*Information supplied*
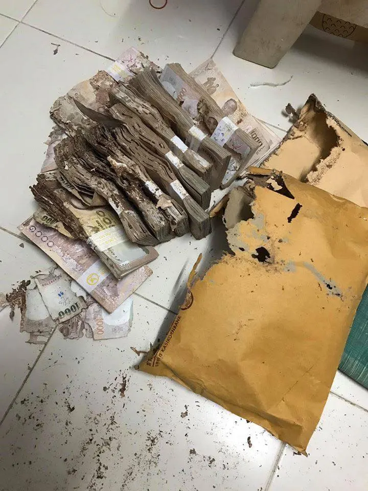 โดยเพจดังอย่าง Red Skull Society ได้โพสต์ภาพพร้อมระบุข้อความว่า เศร้าเลยครับเงินเก็บมาตั้งนานไว้ใช้ยามฉุกเฉิน พูดไรไม่ออกเลย เรื่องเล่าจากทางบ้าน โดยหลังจากที่โพสต์ดังกล่าวเผยแพร่ออกไปก็มีคนเข้ามาแสดงความคิดเห้นอาทิเช่น งงที่ไม่ฝากธนาคาร หรือเอาไปซื้อทองมาเก็บนี่ละ , แลกคืนได้นะคะลองไปธนาคารดู , งงทำไมเก็บไว้แบบนี้ คนเก็บแบบนี้ดูแปลกๆมั้ย , นั่นแหละที่กลัว พอได้มาต้องรีบใช้ให้หมด กลัวปลวกขึ้น
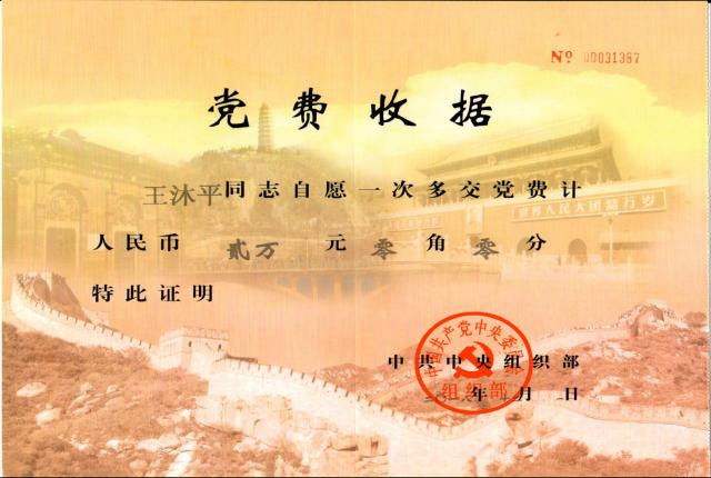 【新聞特寫】來自中共中央組織部的一份特殊黨費收據
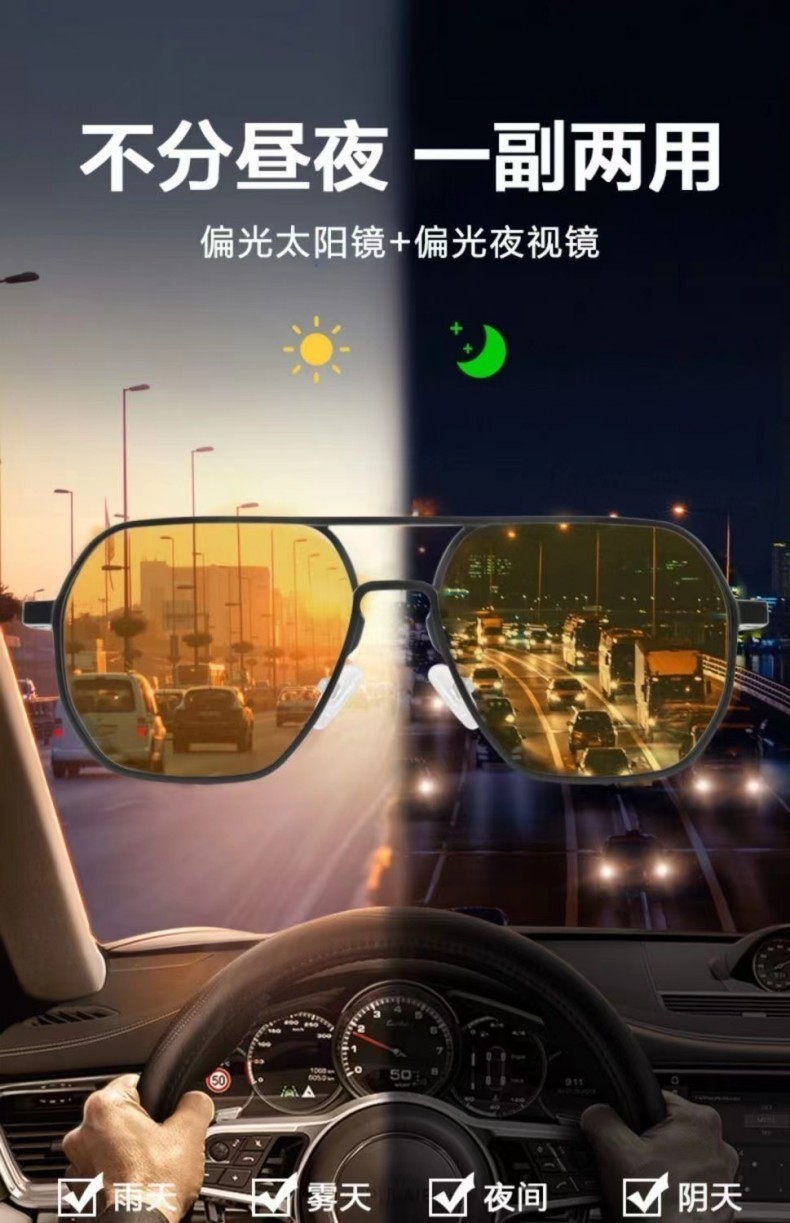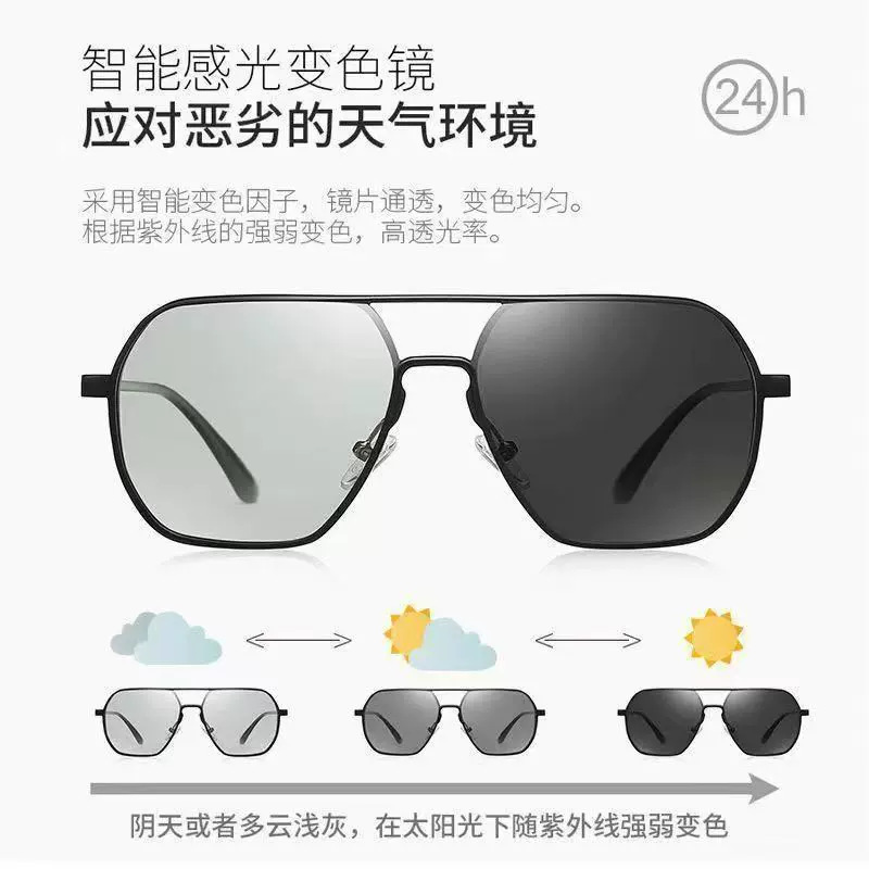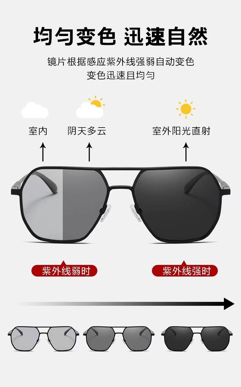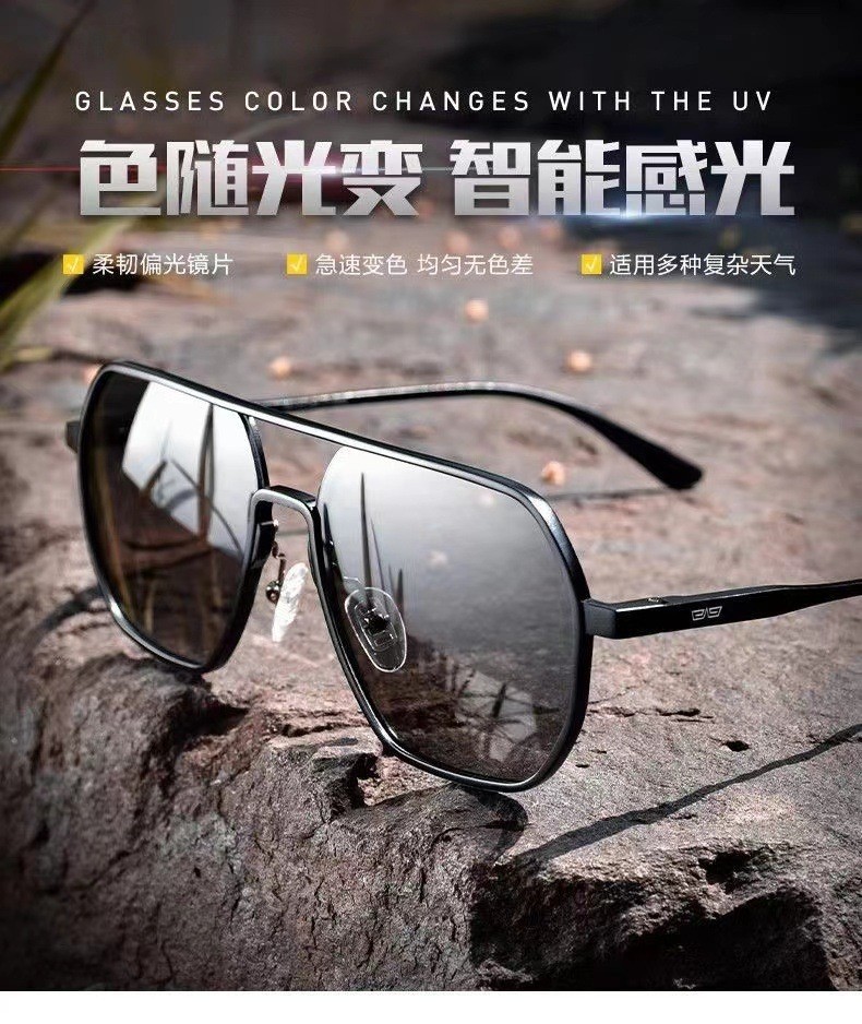 Aluminum magnesium polarized sunglasses UV400 day and night color changing glasses for outdoor driving men's sunglasses with a high-end feel
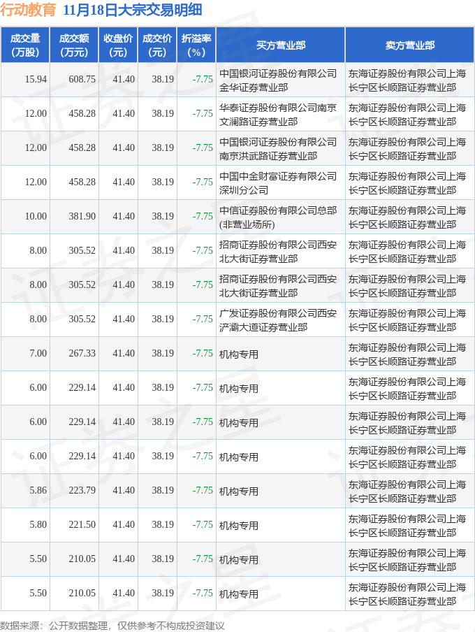 证券之星消息,11月18日行动教育发生大宗交易,交易数据如下:
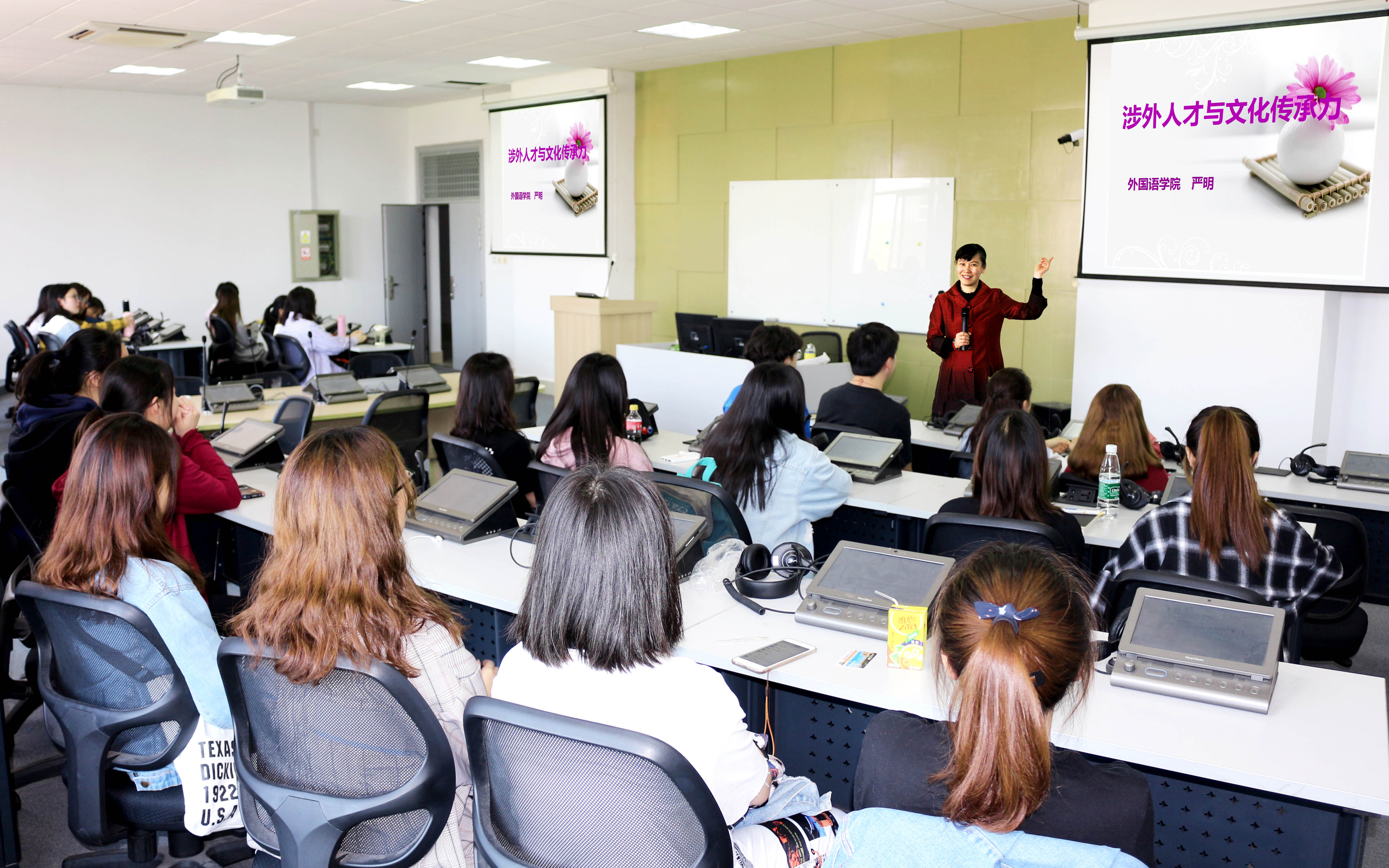 “六十五载沧桑砥砺,造就不尽辉煌荣光”,为庆祝学校六十五周年校庆,学校举办了系列高端论坛、展览、学术活动。4月18日,我院严明教授在第五学科楼B309为学院师生作了题为“涉外人才文化传承力”的迎校庆学术讲座,我院专业学生及部分教师聆听了讲座。
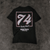 On the front, a smaller "74" detail sits proudly on the chest, offering a nod to the larger design on the back. The minimalist front ensures versatility, making this tee perfect for casual wear while still showcasing your support for one of the most exciting names in modern racing.
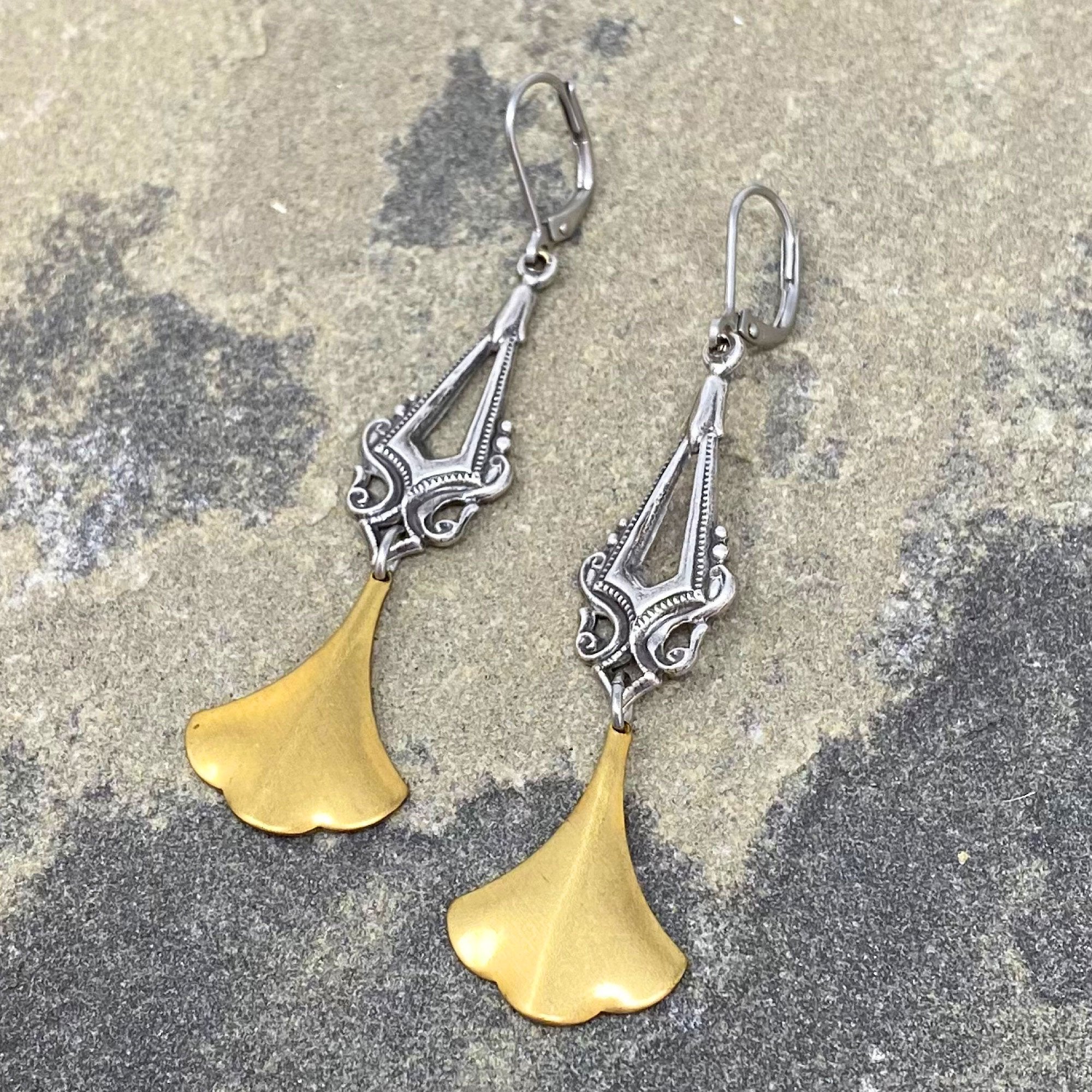 • Art Nouveau inspired oxidized silver drops

*Exercise brief*
Print the entries above exactly, taking out only the pictures.

*Expected answer*
 โดยเพจดังอย่าง Red Skull Society ได้โพสต์ภาพพร้อมระบุข้อความว่า เศร้าเลยครับเงินเก็บมาตั้งนานไว้ใช้ยามฉุกเฉิน พูดไรไม่ออกเลย เรื่องเล่าจากทางบ้าน โดยหลังจากที่โพสต์ดังกล่าวเผยแพร่ออกไปก็มีคนเข้ามาแสดงความคิดเห้นอาทิเช่น งงที่ไม่ฝากธนาคาร หรือเอาไปซื้อทองมาเก็บนี่ละ , แลกคืนได้นะคะลองไปธนาคารดู , งงทำไมเก็บไว้แบบนี้ คนเก็บแบบนี้ดูแปลกๆมั้ย , นั่นแหละที่กลัว พอได้มาต้องรีบใช้ให้หมด กลัวปลวกขึ้น
 【新聞特寫】來自中共中央組織部的一份特殊黨費收據
 Aluminum magnesium polarized sunglasses UV400 day and night color changing glasses for outdoor driving men's sunglasses with a high-end feel
 证券之星消息,11月18日行动教育发生大宗交易,交易数据如下:
 “六十五载沧桑砥砺,造就不尽辉煌荣光”,为庆祝学校六十五周年校庆,学校举办了系列高端论坛、展览、学术活动。4月18日,我院严明教授在第五学科楼B309为学院师生作了题为“涉外人才文化传承力”的迎校庆学术讲座,我院专业学生及部分教师聆听了讲座。
 On the front, a smaller "74" detail sits proudly on the chest, offering a nod to the larger design on the back. The minimalist front ensures versatility, making this tee perfect for casual wear while still showcasing your support for one of the most exciting names in modern racing.
 • Art Nouveau inspired oxidized silver drops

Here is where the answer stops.